Types of propeller is the major part of understanding basic concept of propellers. A propeller is a piece of equipment with a rotating hub and radiating blades set at a pitch to produce a helical spiral that, when rotated, acts similar to Archimedes’ screw. It converts rotational power into linear thrust by pulling a working fluid, such as water or air.
The blades’ rotational movement is transformed into thrust by generating a pressure differentiation among the two surfaces. A delivered mass of working fluid is accelerated in one direction, and the craft travels in the opposite direction. Like aircraft wings, propeller dynamics can be modeled by Bernoulli’s principle and Newton’s third law. Screw propellers with helical blades are the most used marine propellers revolving on a propeller shaft with a nearly horizontal axis.
Historical Developments of Propellers
The principle applied in adopting a screw propeller is obtained from sculling. A single blade is passed through an arc in sculling, from side to side taking care to keep performing the blade to the water at the practical angle. The novelty presented with the screw propeller was expanding that arc through more than 360° by connecting the blade to a rotating shaft. Various types of propellers can have a single blade, but there are almost always more than one to balance the practice forces.
Although there was considerable experimentation with screw propulsion until the 1830s, few of these devices were attempted on the testing stage, and some were determined inadequate for one reason or another. In 1835, two creators in Britain, John Ericsson, and Francis Pettit Smith, started operating individually.
Smith was leading to take out a screw propeller patent, while Ericsson, a gifted Swedish engineer then operating in Britain, filed his patent six weeks later. Smith promptly built a tiny model boat to test his invention, which was proved first on a pond at his Hendon farm. Next at the Royal Adelaide Gallery of Practical Science in London, where it was recognized by Sir William Barrow.

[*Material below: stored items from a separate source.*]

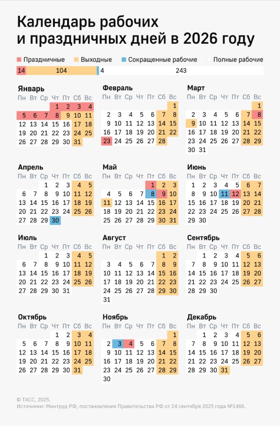 В 2026 году будет 247 рабочих дней и 118 выходных и праздничных.
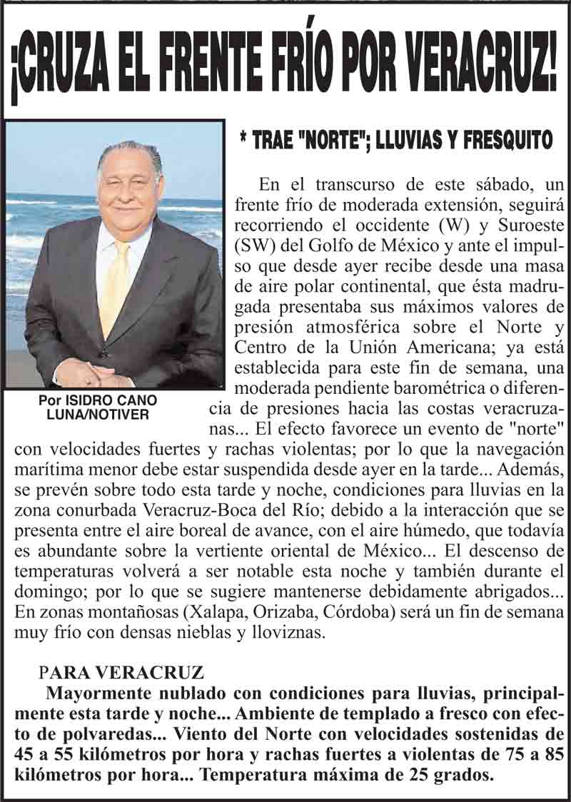 PRIMERA ¡CRUZA EL FRENTE FRÍO POR VERACRUZ! * TRAE "NORTE"; LLUVIAS Y FRESQUITO 20 enero 2024 Más Noticias LA PORTADA - VIERNES 24 DE ABRIL 2026 ¡LLEGAN CHINOS A VER EL TRANVÍA! ¡PRIMER LUGAR EN HOMICIDIOS DOLOSOS! - TENIA QUE SER ¡MARYJOSE TENDRÁ SU HOSPITAL! ¡LOS DEJARON SOLOS! - A FAMILIARES DE LA DOCTORA ASESINADA ¡SE LO MOCHAN A EX ALCALDE! - DE COATZA ¡RECONOCEN A CONCHITA DÍAZ CHÁZARO! - *Es la Cronista de la Ciudad NOTI-MEME | - QUÉ LIBRO VAS A REGALAR! ¡SIGUE LA RACHA! ¡CONSTERNACIÓN! - *Muere el profesor Roque Velázquez Rivera
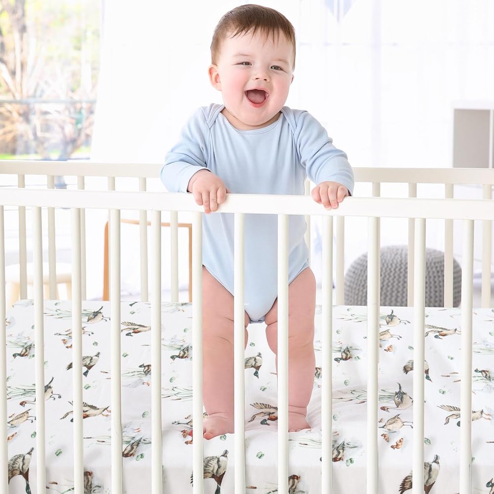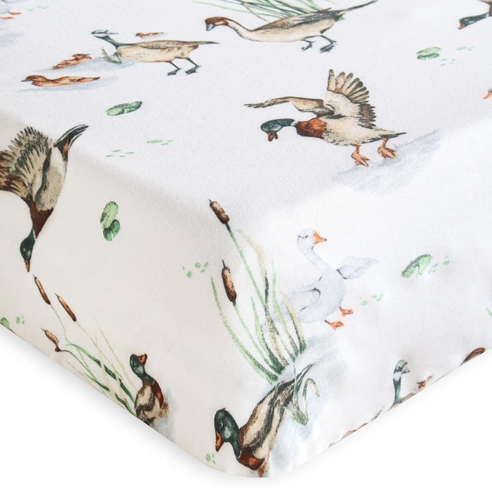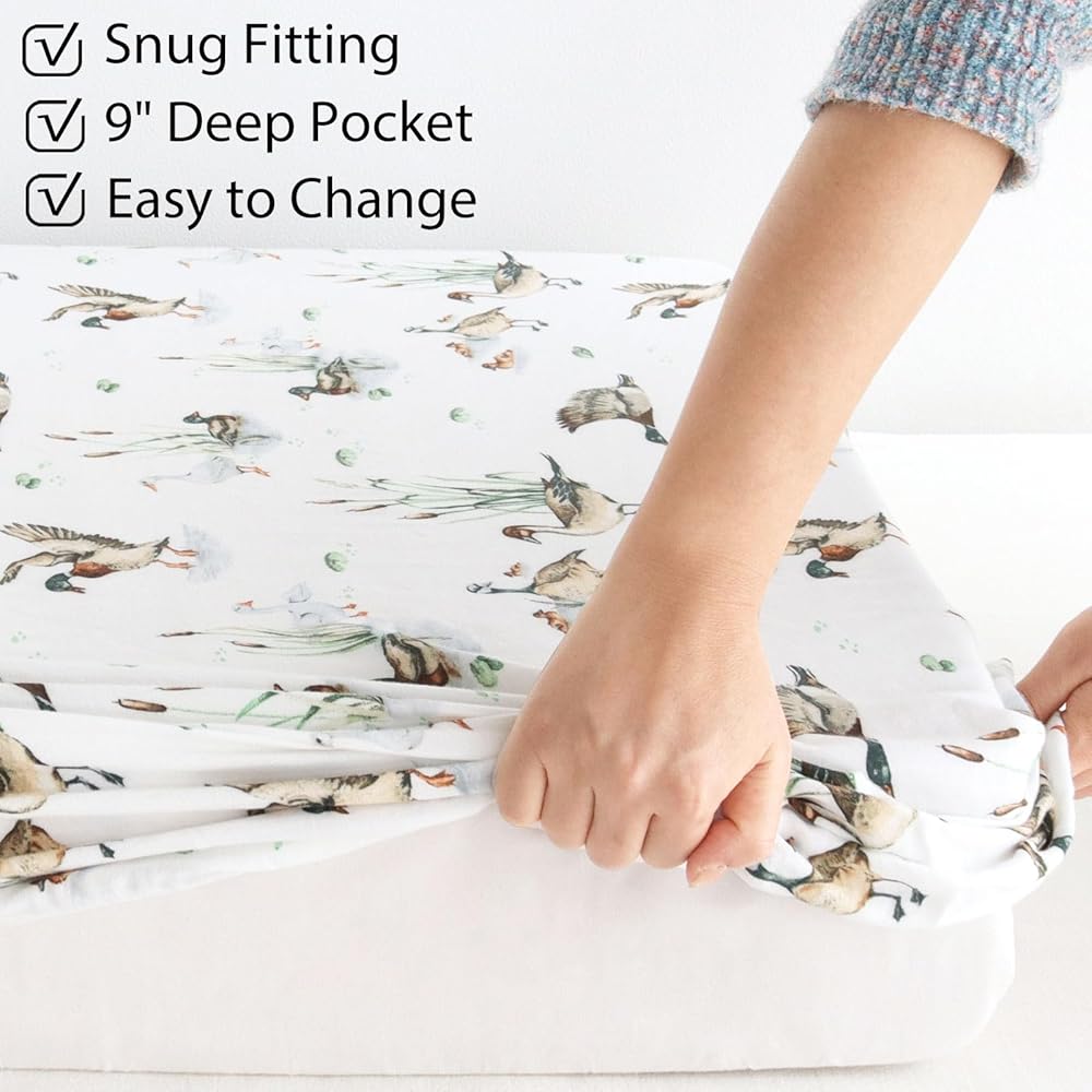 نمط طبيعي وعصري - اصنع غرفة حضانة مذهلة لطفلك مع ملاءة سرير البطة الرائعة هذه. هدية مثالية للآباء الجدد وهي ضرورية لأي تسجيل أطفال.
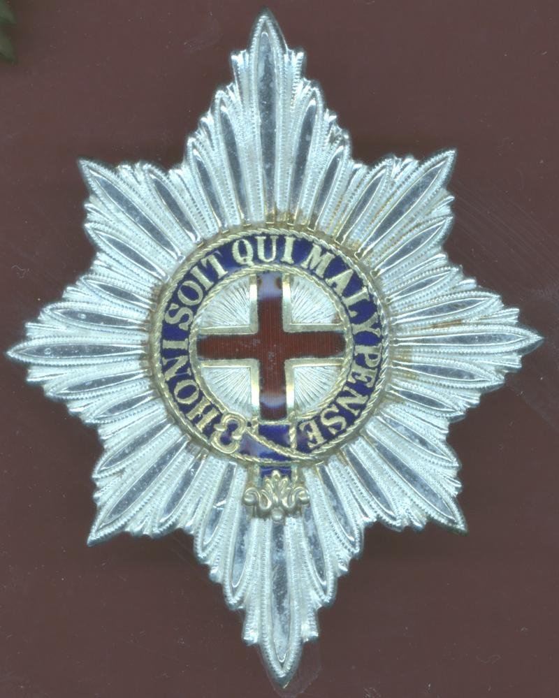 A good modern pouch badge worn on backpacks carried on parades in public places. Die stamped silvered Garter Star with blue enamel backing to the Garter and red enamel backing to the St. George's cross . Brooch pin to the reverse. VGC. Robin Hodges British Army Badges page 103, fig 27
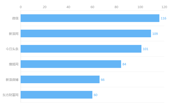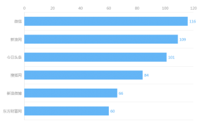 众多媒体平台中报道量第一的为微信,相关信息量116条。其次是新浪网,相关信息量109条。排行第三的为今日头条,相关信息量101条。
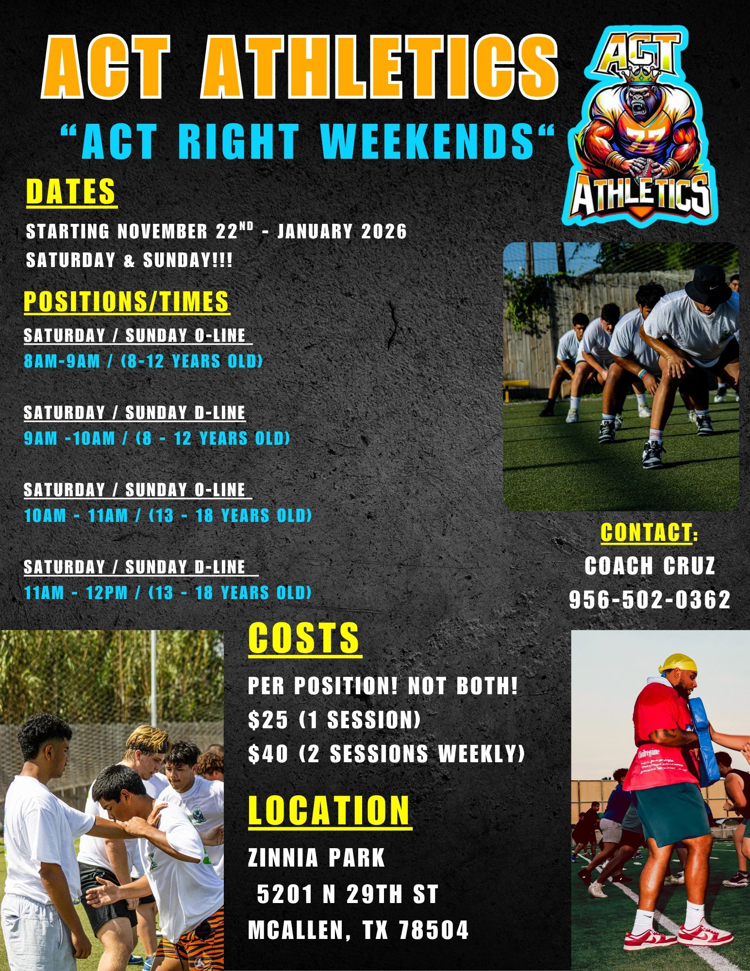 Each session is 1 hour in length, 2 sessions on Saturday & Sunday, check times above for ages & positions. This is weekly payment for 2 sessions on the weekend, no session will be rolled over if missed. Any questions please contact Coach Cruz.
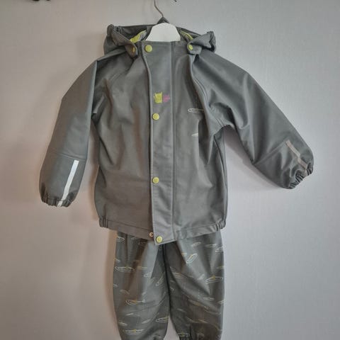 Godt brukt regntøy fra Kattnakken, men mye bruk igjen. Settet har en del misfarginginger i stoffet som gjør at det ikke lenger er helt mørkeblått, men har fått en litt grådig farge. Svak rødfarge på en arm (se bilder), men er ellers helt og fint.
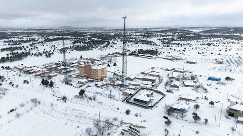 Karaman'da kar yağışı sonrası beyaza bürünen köyler, dronla görüntüleyerek güzel manzaralar ortaya çıktı.
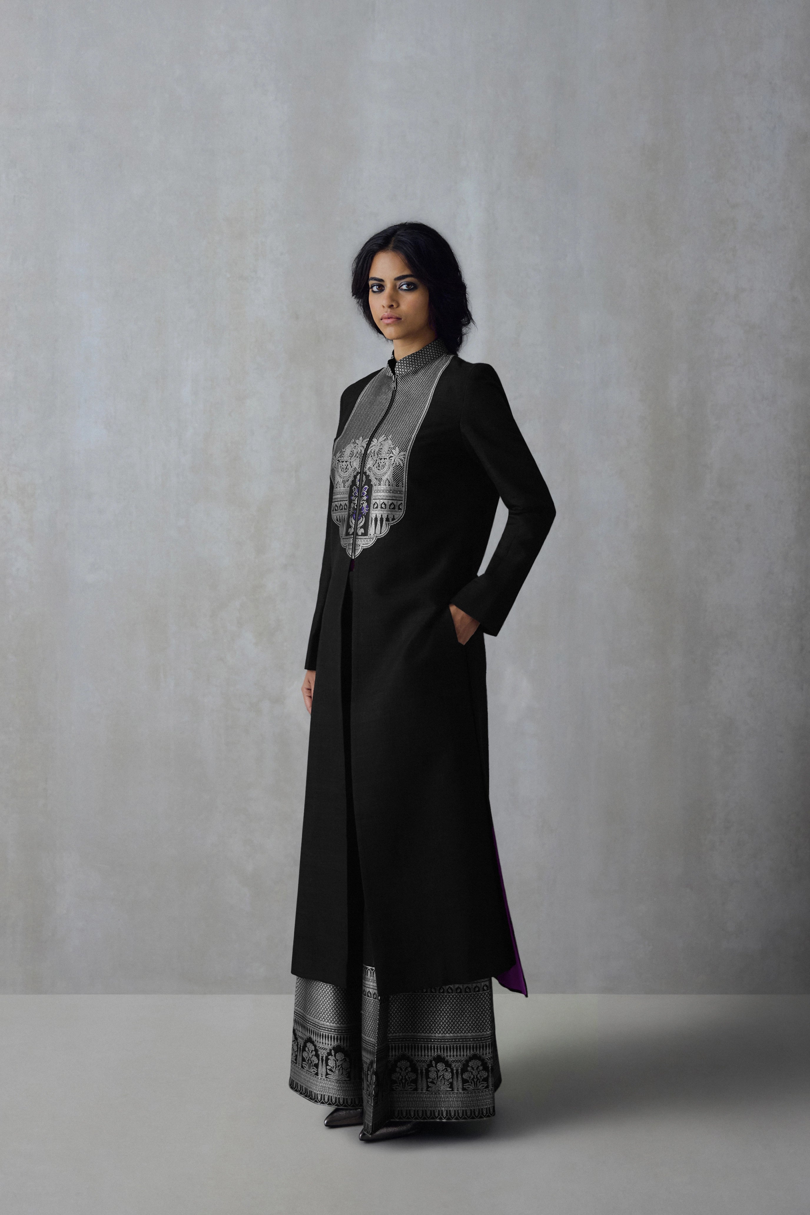 Designed for ease of movement and all-day comfort, this palazzo is handwoven in silk and features pockets for utility. It is finished with our signature brocade detailing at the hem.
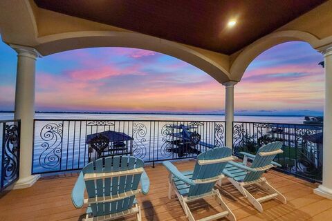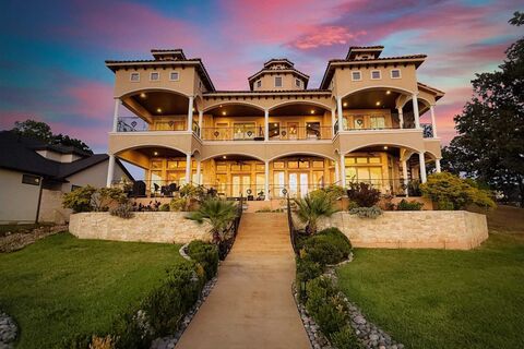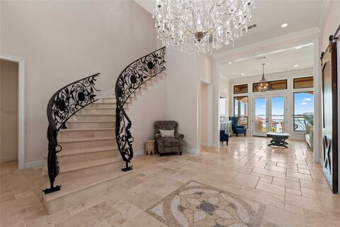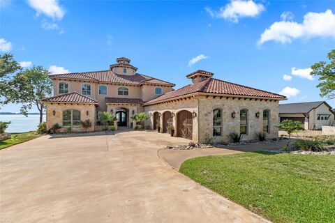 This stunning 2018 home, inspired by the timeless elegance of a Tuscan villa nestled in the foothills of Italy, offers 5,570 sq ft of refined waterfront living on a half-acre lot with 94 feet of open water frontage in the prestigious Pinnacle Golf Club at Cedar Creek Lake. Located in one of the most sought-after areas of the community, it's within walking distance to the clubhouse, restaurant, pool, and fitness centerand perfectly positioned next to the annual July 4 Pinnacle fireworks show for front-row lakeside views. Designed for both luxury and livability, the home features 5 bedrooms, 6 baths, 3 living areas, an office, exercise room, and a 3-car garage. A grand foyer welcomes you with a winding staircase, inlaid tile, chandelier, and sweeping lake views that instantly transport you to a Mediterranean retreat. The main living area is anchored by a stone fireplace and wet bar, flowing into a dining space with butlers pantry into a second spacious living area. The gourmet kitchen
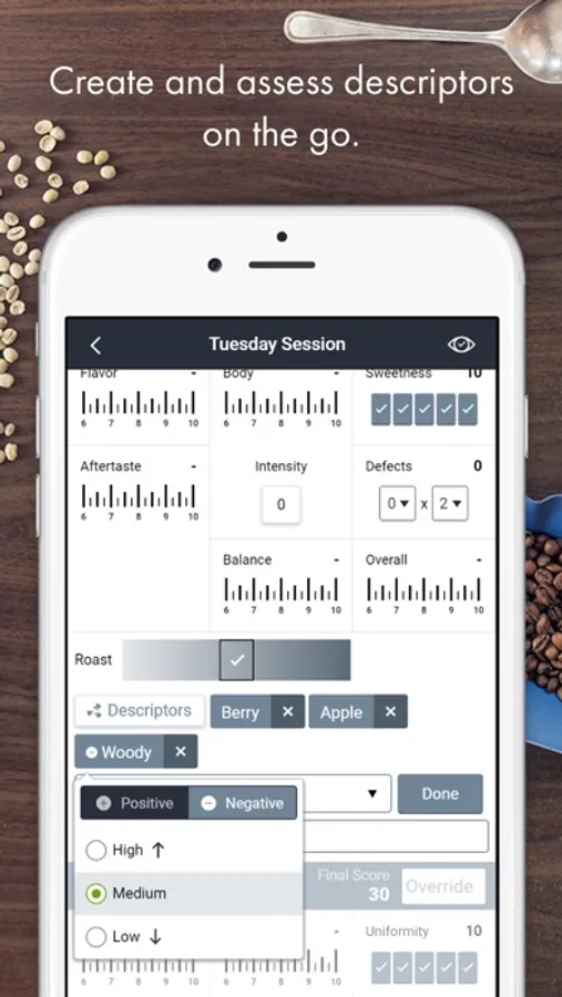 Cropster Cup creates reports and panel results. The quality session tool organizes your information so you can easily find and review results for cuppings for all your coffees, including those you cupped in the past.
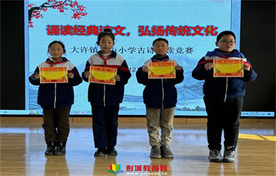 教育熱點:為弘揚祖國傳統(tǒng)文化,豐富學(xué)生古詩詞積累,陶冶學(xué)生的文化情操,落實晨誦效果,12月27日下午,大許太山小學(xué)開展以“誦讀經(jīng)典詩文弘揚傳統(tǒng)文化”為主題的古詩誦讀競賽。經(jīng)過前期海選

Wright brothers pioneered the twisted aerofoil shape of modern aircraft propellers. While some earlier engineers had endeavored to model air propellers on marine propellers, the Wrights recognized that an air propeller is quite the same as a wing and could utilize data from their more initial wind tunnel experiments on wings.
They also offered a twist along the length of the blades. This was necessary to ensure the blades’ angle of attack was kept nearly constant along their length. Their unique propeller blades were only about 5% less effective than the modern equivalent, some 100 years later. The recognition of low-speed types of propeller aerodynamics was complete by the 1920s, but later requirements to manage more power in more miniature diameter have made the obstacle more complicated.
Material and Construction of Propeller
Marine propellers are manufactured from corrosion-resistant materials as they are made operational in seawater which is a corrosion accelerator. The materials utilized for making marine propellers are an alloy of stainless steel and aluminum. Other popular materials employed are alloys of nickel, bronze, and aluminum, which are 10~15 % lighter than other materials and have higher durability.
The propeller’s construction process involves connecting several blades to the hub or boss by forging or welding in one piece. Forged blades are highly stable and have higher strength but are costly compared to welded ones. A marine propeller is assembled by sections of helicoidal surfaces acting together to twist through the water with a screw effect.
Types of Propeller
Propellers are divided based on several factors. The classification of various types of propeller is described below:
Classification by Number of Blades Attached
Propeller blades may alter from 3 blade propeller to 4 blade propeller and sometimes even a five-blade propeller. Nevertheless, the most regularly used are three-blade and four-blade propellers.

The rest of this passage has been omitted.